Kinetic Arts production of ‘Inversion: Circus Disobedience’ is more than a circus

“Inversion: Circus Disobedience” is a visceral experience featuring acrobats while exploring justice and power. (Kinetic Arts photo)

Jaron Hollander has a keen sense of what makes something visceral.

His latest show at Oakland’s Kinetic Arts Center puts passionate energy at the heart of the production, and their latest piece, entitled “Inversion: Circus Disobedience” running through Dec. 18th, follows the same pattern.

Berkeley native Hollander, the Kinetic Arts artistic director and the director of the production, has tailored his show in the great tradition of Commedia dell’arte and artists such as Dario Fo, an Italian dramatist whose legacy is filled with examples of taking on establishments through his expertise in agit prop and farcical theatre.

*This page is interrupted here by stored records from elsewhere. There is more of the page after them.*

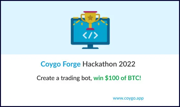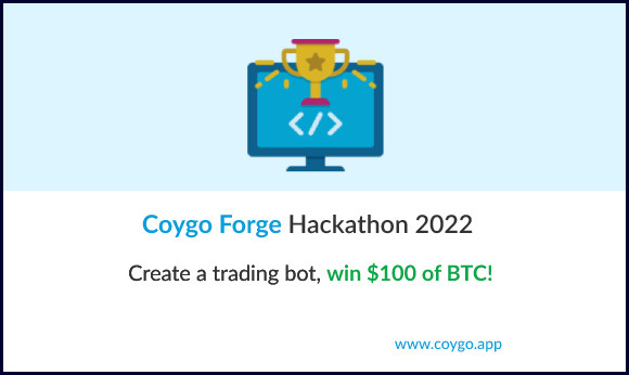 Coygo Forge, a powerful platform and framework for coding custom crypto trading bots using JavaScript, is hosting an incentivized hackathon. Teams or individuals that successfully submit their own trading bot during the event could win $100 of ETH or BTC. Participants are welcome to enter multiple submissions and could win more than once.
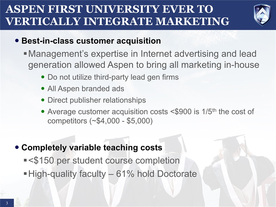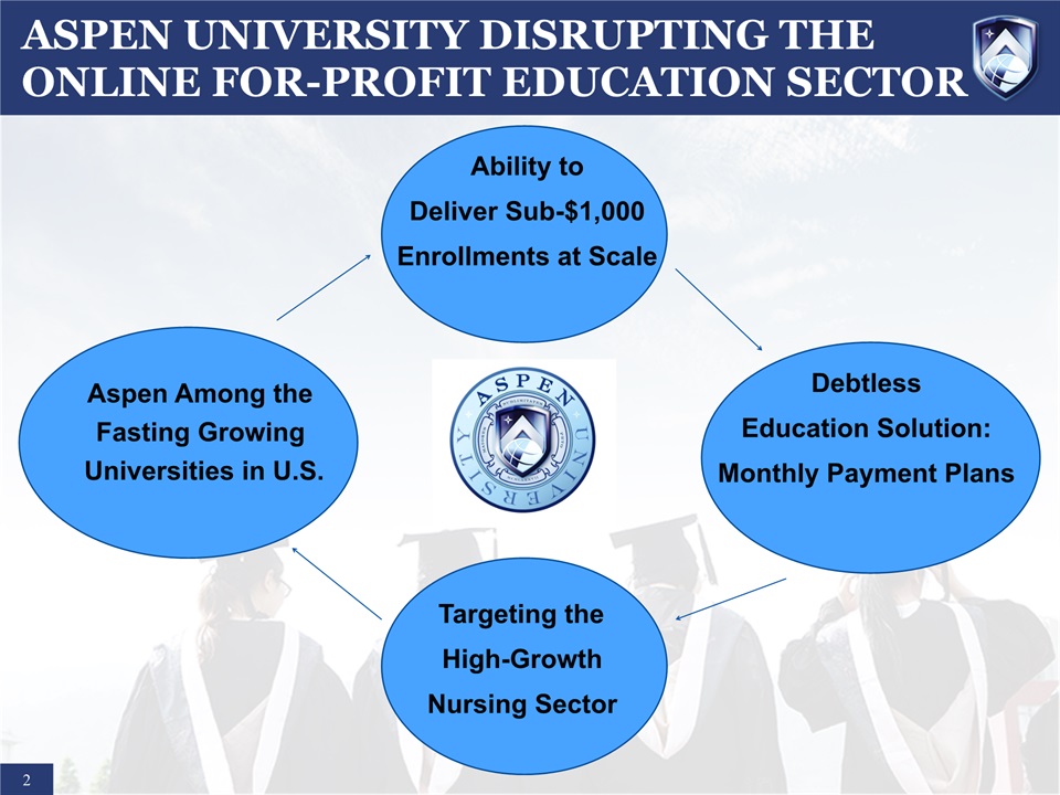 ASPEN UNIVERSITY DISRUPTING THE ONLINE FOR-PROFIT EDUCATION SECTOR  2  Debtless Education Solution:Monthly Payment Plans  Targeting the High-GrowthNursing Sector  Ability to Deliver Sub-$1,000 Enrollments at Scale  Aspen Among the Fasting GrowingUniversities in U.S.
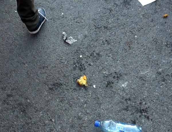 Откуда он там взялся? А черт его знает! Валялись же повсюду раздавленные мандарины и прочие продукты. В прошлом году 6 мая было тепло, мероприятие ожидалось длинное. Народ запасался провиантом.
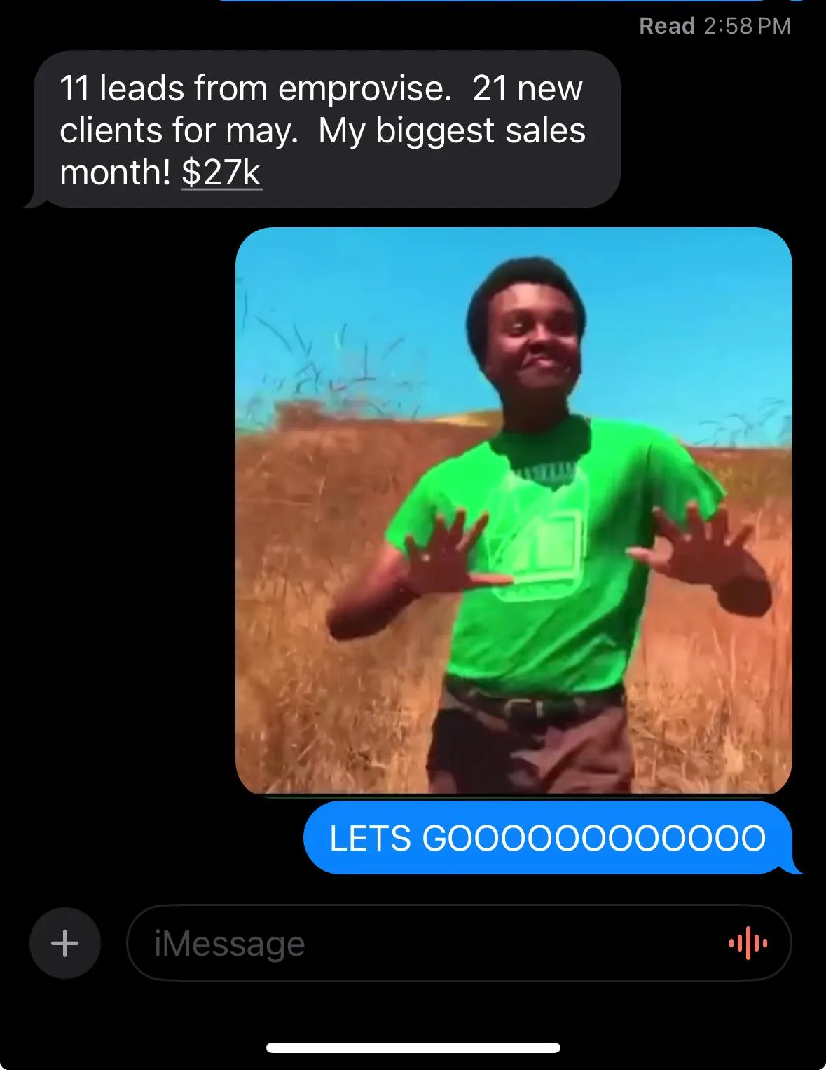 Emprovise media has been one of my smartest investments so far. It has enhanced my business overall by helping me be more organized, getting more leads, looking professional on social media with the marketing tools, as well providing amazing services that I can now facilitate to my current AND future client…ALL while making everything accessible and easy to understand for everyone in ONE place.
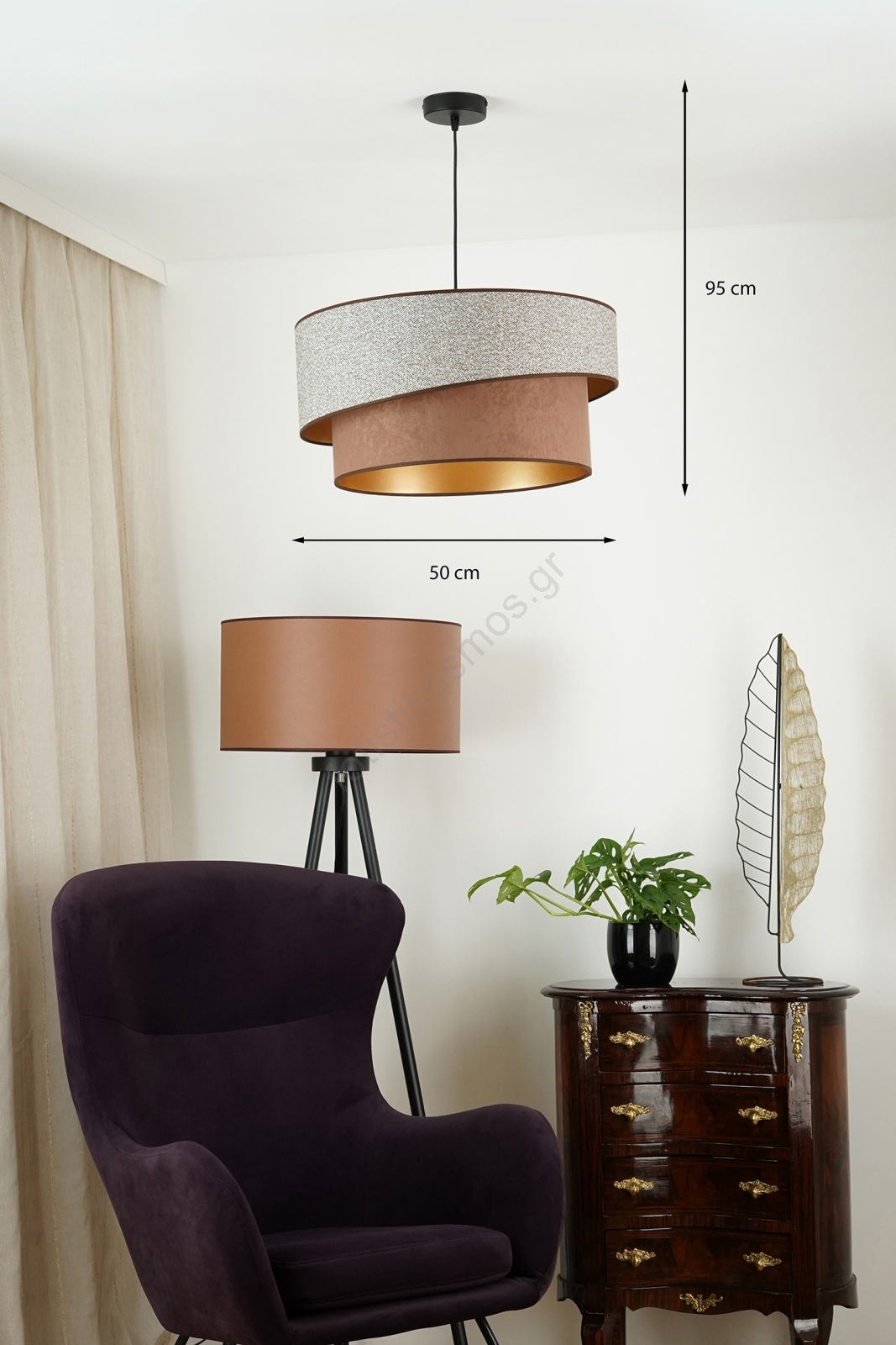 Brilagi - Κρεμαστό φωτιστικό οροφής VEGAS SHINE 1xE27/15W/230V διάμετρος 50 cm γκρι/καφέ | Fotisti k

“Fo talks about characters of appetite that are driven by one of the seven deadly sins, an appetite for things like sex, money, power and food, but he also believed that people have an appetite for justice,” said Hollander, 43, a graduate of both UC Santa Cruz and the Dell’arte School of Physical Theatre. “This show to me is about the appetite to rebel and overthrow any power that’s there.”

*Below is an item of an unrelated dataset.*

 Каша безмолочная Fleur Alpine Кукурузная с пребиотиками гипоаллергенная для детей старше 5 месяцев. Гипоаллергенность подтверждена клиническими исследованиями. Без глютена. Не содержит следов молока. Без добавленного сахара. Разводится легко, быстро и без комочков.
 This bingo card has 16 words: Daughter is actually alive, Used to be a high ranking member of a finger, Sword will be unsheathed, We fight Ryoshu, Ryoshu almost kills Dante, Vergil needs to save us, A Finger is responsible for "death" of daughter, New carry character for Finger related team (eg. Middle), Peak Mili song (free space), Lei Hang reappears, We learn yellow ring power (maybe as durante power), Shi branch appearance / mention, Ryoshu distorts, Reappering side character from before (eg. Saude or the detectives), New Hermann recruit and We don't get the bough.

With the presidential election decided, the show is quite timely, yet Hollander is clear that through the show, he does not take any political sides in the debates that now rage from coast to coast.

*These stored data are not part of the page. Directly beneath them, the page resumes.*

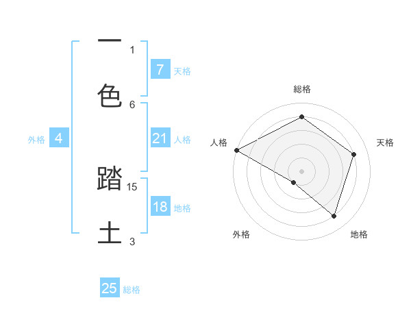 一色 踏土さんの総格は25画の4点!
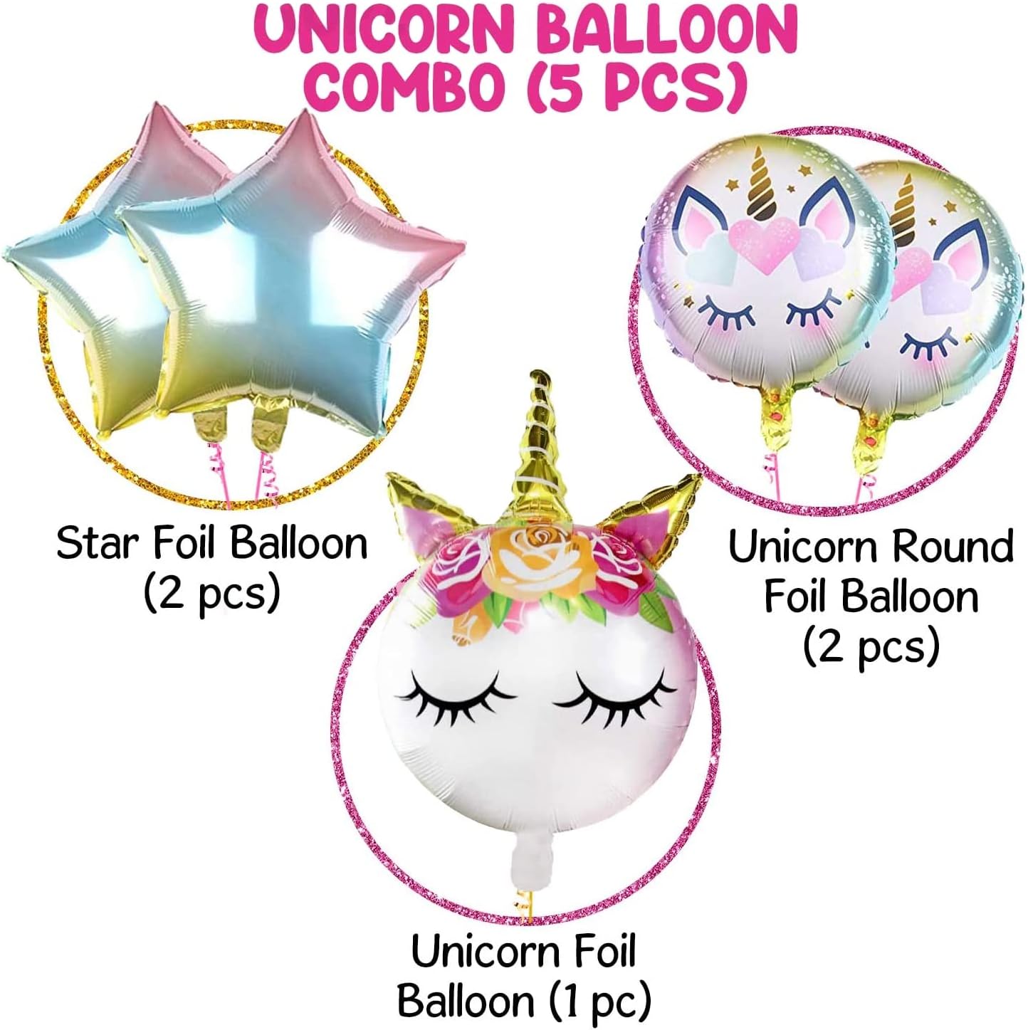 2 Pcs Unicorn Star foil balloons + 2 Pcs Unicorn Printed round foil balloons + 1 Pc Unicorn foil Balloon = Set of 5 Pcs for unicorn birthday decorations.
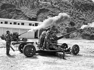 面對嚴峻的干旱形勢,湄潭縣人武部積極與氣象部門保持熱線聯系,了解天氣變化趨勢,隨時組織民兵高炮分隊實施人工增雨作業。今天上午,他們得知在湄潭部分鄉鎮將有陣雨情況后,立即組織民兵高炮分隊,啟動人工增雨應急預案,實施增雨作業。10時18分,該縣6個人工增雨作業點準備就緒,一門門锃亮的炮口直沖天空。
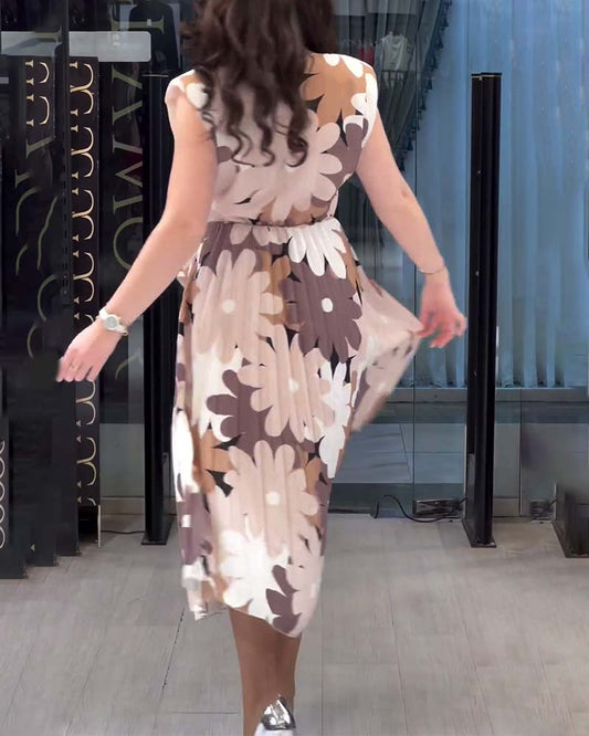 Elegante abito senza maniche plissettato con scollo a V e stampa floreale
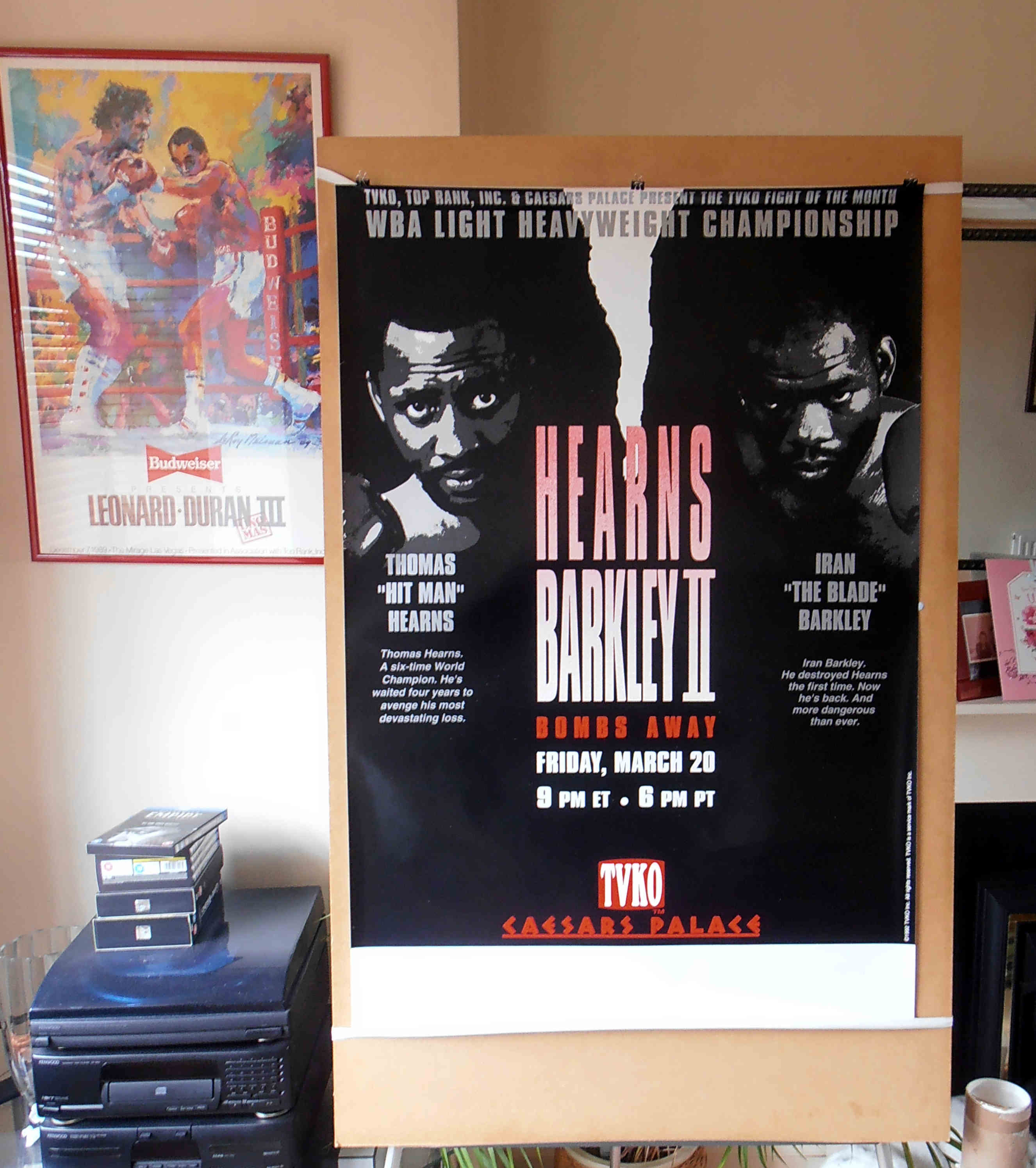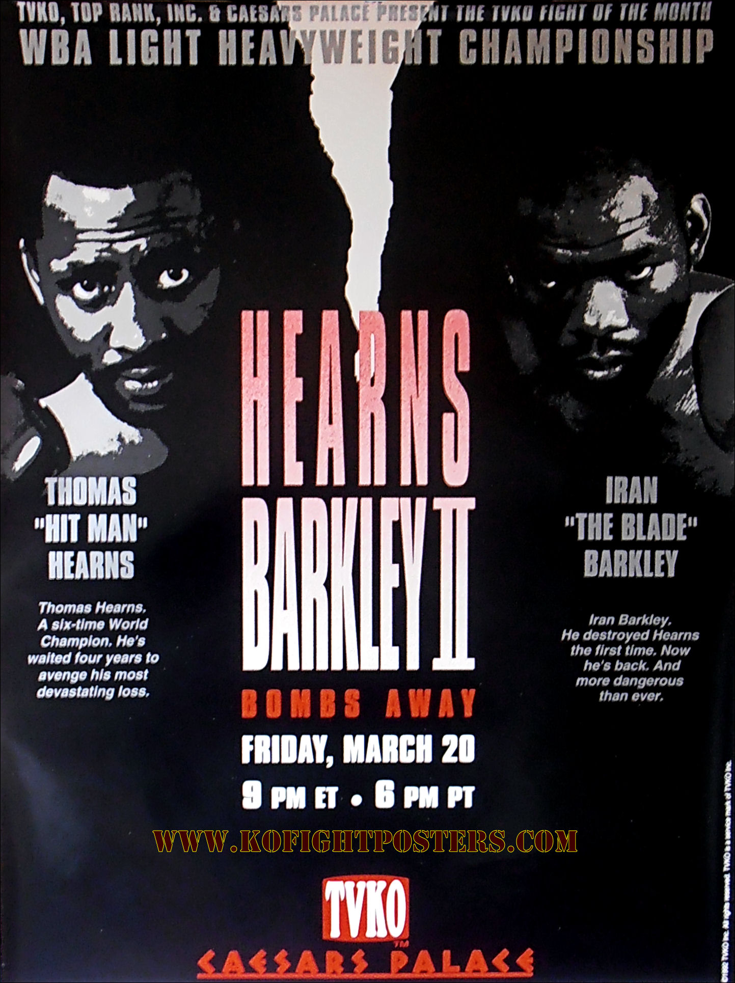 Description : Here we have an original full size TVKO pay-per-view poster for the rematch held on Friday March 20th 1992 at Caesars Palace Las Vegas between old foes Thomas 'Hitman Hearns vs. Iran 'The Blade' Barkley. This time the belt on the line was for Tommy Hearns WBA Light/Heavyweight World Title.

“It doesn’t seem to matter what Donald Trump is against, as long as he’s against something, people want to rally behind it,” said Hollander. “I’m not drawing any political lines and I have no agenda. We are looking at the exploration of that drive but not the cause. This is not a political cause.”

It is fair to compare what Kinetic does to Cirque du Soleil, which Hollander says is probably the closest reference that people have context for. A Kinetic show has a character driven story, a complex narrative that is heavier than most dance pieces but lighter than theatre. And utilizing Commedia’s stock characters, such as the miser, the silly young lovers and the very hungry servant, help bring the storyline into a much deeper focus for the audience.

“The show is not just somebody doing tricks or aerials on a trapeze, but a show where the world is changed, the characters are changed, the audience is transformed,” said Hollander. “Finding the beauty is important for me. When I create and do my circus production, I deal heavily in drama; the characters have stakes and a journey. They have desires, and I try to keep that tangible and logical and not let it get lost in the metaphor, so the performance does not become just symbolic.”

Hollander’s life in performance started when he was very young with his mother, who was a costume designer. His playground existed in the various back stages that his mother worked in, which gave him full access to all kinds of costumes and sets. He had a first hand look at all aspects of production, and for him, the minutiae of creating theatre was intoxicating.

“I put a lot of weight into all aspects of performance, both technical and artistic,” said Hollander. “That’s a big influence for me as a director, I love putting an audience in a rich environment with well-designed sound that supports the performance.

Hollander continued to study physical theatre, performing with Cirque du Soleil even. He is a multi-disciplinarian, honing his craft in both clown and circus school, and performing around the world with circuses. Now as the artistic director, his vision of the company has been crafted in through his various skills, allowing him to advocate for his audience.

“The circus itself is essentially a live experience, with the element of extreme human skill with actual risk, or at least a very mitigated risk, things that are physically beyond the ability of what most people think they can ever do.”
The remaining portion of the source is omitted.